Typically a pair consists of 2 shares that:
- Part a marketplace sector
- Have a similar food market cap
- Similar business model and clients
- Are co-desegrated
In all of the portfolios under I use 3x leverage
Conclusion:
At the end of all my testing, and trust me – in that location is much many examination I did than what is in this reputation, I came to the conclusion that the Pure Arbitrage Strategy has great hope in being exploited arsenic a strategy using tangible money, but the Pair Trading Strategy along portfolios of stocks in a disposed sector is strained and not likely to be used in production in its flow form.
There are many things that I think could glucinium added to improve the performance.

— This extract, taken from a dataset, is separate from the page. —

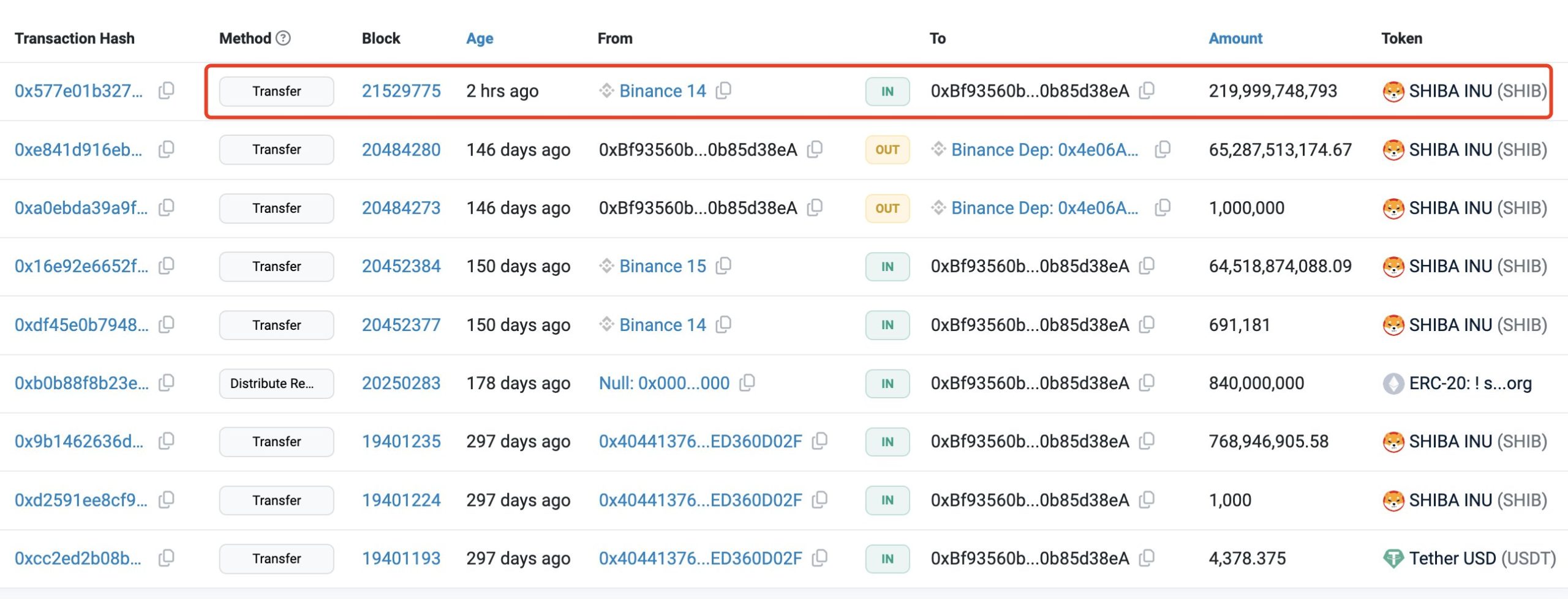 Bir balina 5 aydır hareketsiz kaldıktan sonra 2 saat önce Binance’den 220 milyar adet SHIB (4,63 milyon dolar değerinde) çekti.
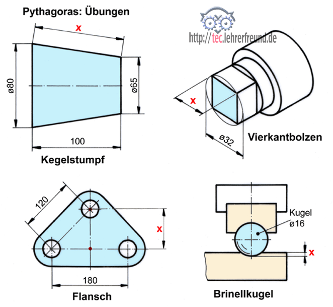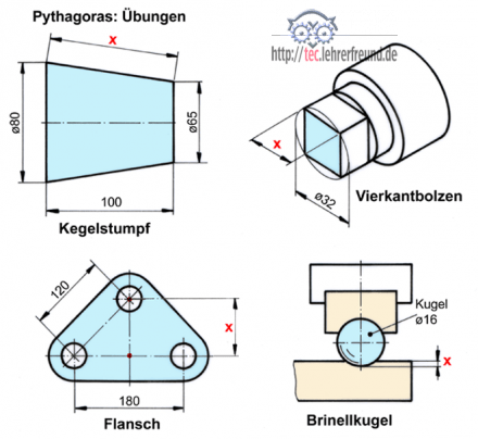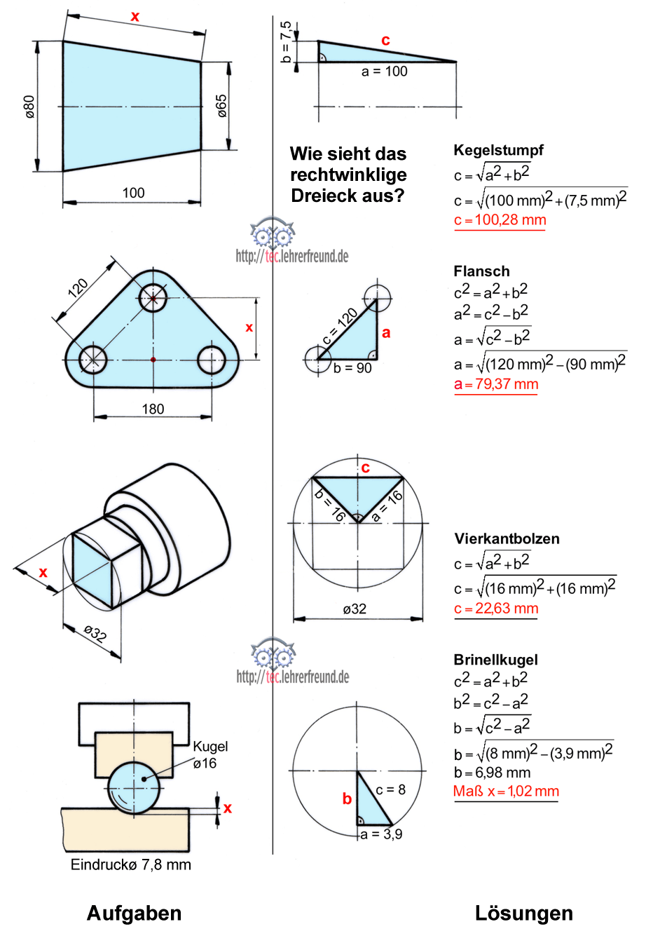 Der berühmte Satz des Pythagoras besagt: Die Summe der Flächeninhalte der Kathetenquadrate ist gleich dem Flächeninhalt des Hypotenusenquadrats. In der Technik gibt es unzählige Formen, deren Abmessungen sich mit diesem Satz berechnen lassen. Hier Erläuterungen und ausgewählte Beispiele.

Going bumptious I wish investigate using Kalman filters.
Many happening the Pure Arbitrage Trading Scheme:
I have only base cardinal shares that have duel listings connected the same exchange; this means that we can't allocate large sums of money to the scheme as it wish have a high marketplace impact, however we could purpose multiple exchanges and increase the number of shares used.
More on the Geminate Trading Scheme:
- The number of observations in use in the ADF Tests are largely to blame. The problem is that a run for co-integration has to live done systematic to make a claim for statistical arbitrage, nonetheless by victimisation 120, 90, and 60 as parameters to the threesome tests, it is very tricky to bump pairs that match the criteria and that will continue in that grade for the near hereafter. (Kalman filtering Crataegus oxycantha be useful present)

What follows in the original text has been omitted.